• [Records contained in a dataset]
=== Begin Enclosure ===
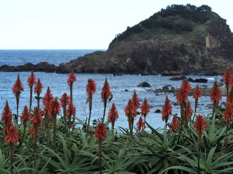 | 水仙岬の海辺に咲く(南伊豆爪木崎) | メジロが集まる浜のアロエ | |||
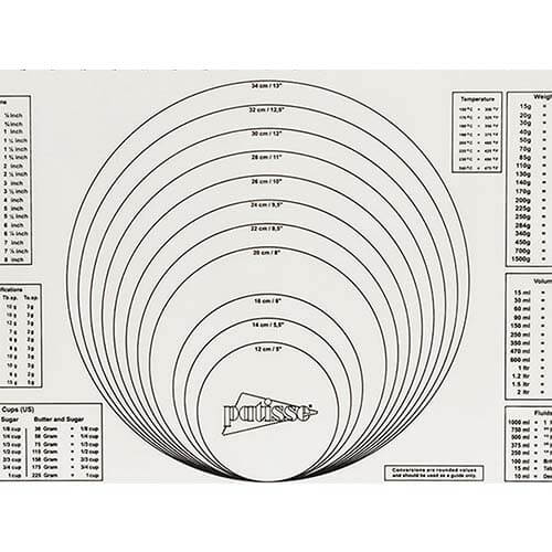 Tapete de silicon antiadherente y antideslizante resistente al calor de alta calidad para hornear. Impreso con diferentes graduaciones y medidas de conversión para facilitar su uso.
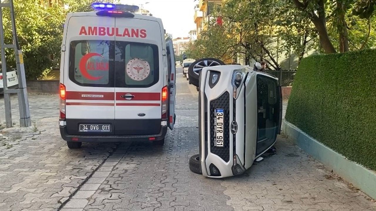 Ataşehir’de sürücüsünün direksiyon hakimiyetini kaybettiği otomobil yan yattı. Kazada 1 kişi hafif yaralandı.
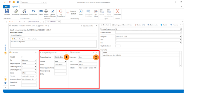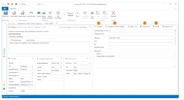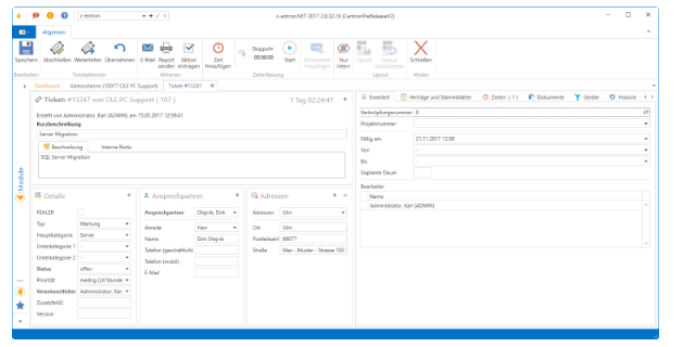 This ticket window contains general information such as ticket number, due date, brief description, detailed description, link number, ticket details, contact person, and address.
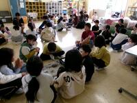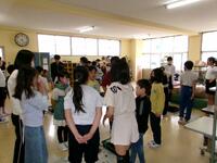 東と西の昇降口に分かれ、なかよし班ごとに集まりました。
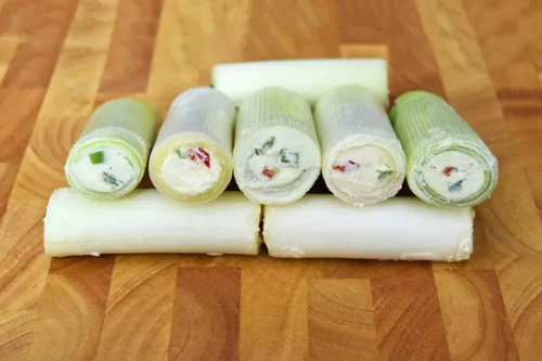 - Die Käsecreme in die Lauchstücke einfüllen.
=== End Enclosure ===
• [What you will do] Without the pictures, return the whole of the data exactly as given.

• [Task response]
 | 水仙岬の海辺に咲く(南伊豆爪木崎) | メジロが集まる浜のアロエ | |||
 Tapete de silicon antiadherente y antideslizante resistente al calor de alta calidad para hornear. Impreso con diferentes graduaciones y medidas de conversión para facilitar su uso.
 Ataşehir’de sürücüsünün direksiyon hakimiyetini kaybettiği otomobil yan yattı. Kazada 1 kişi hafif yaralandı.
 This ticket window contains general information such as ticket number, due date, brief description, detailed description, link number, ticket details, contact person, and address.
 東と西の昇降口に分かれ、なかよし班ごとに集まりました。
 - Die Käsecreme in die Lauchstücke einfüllen.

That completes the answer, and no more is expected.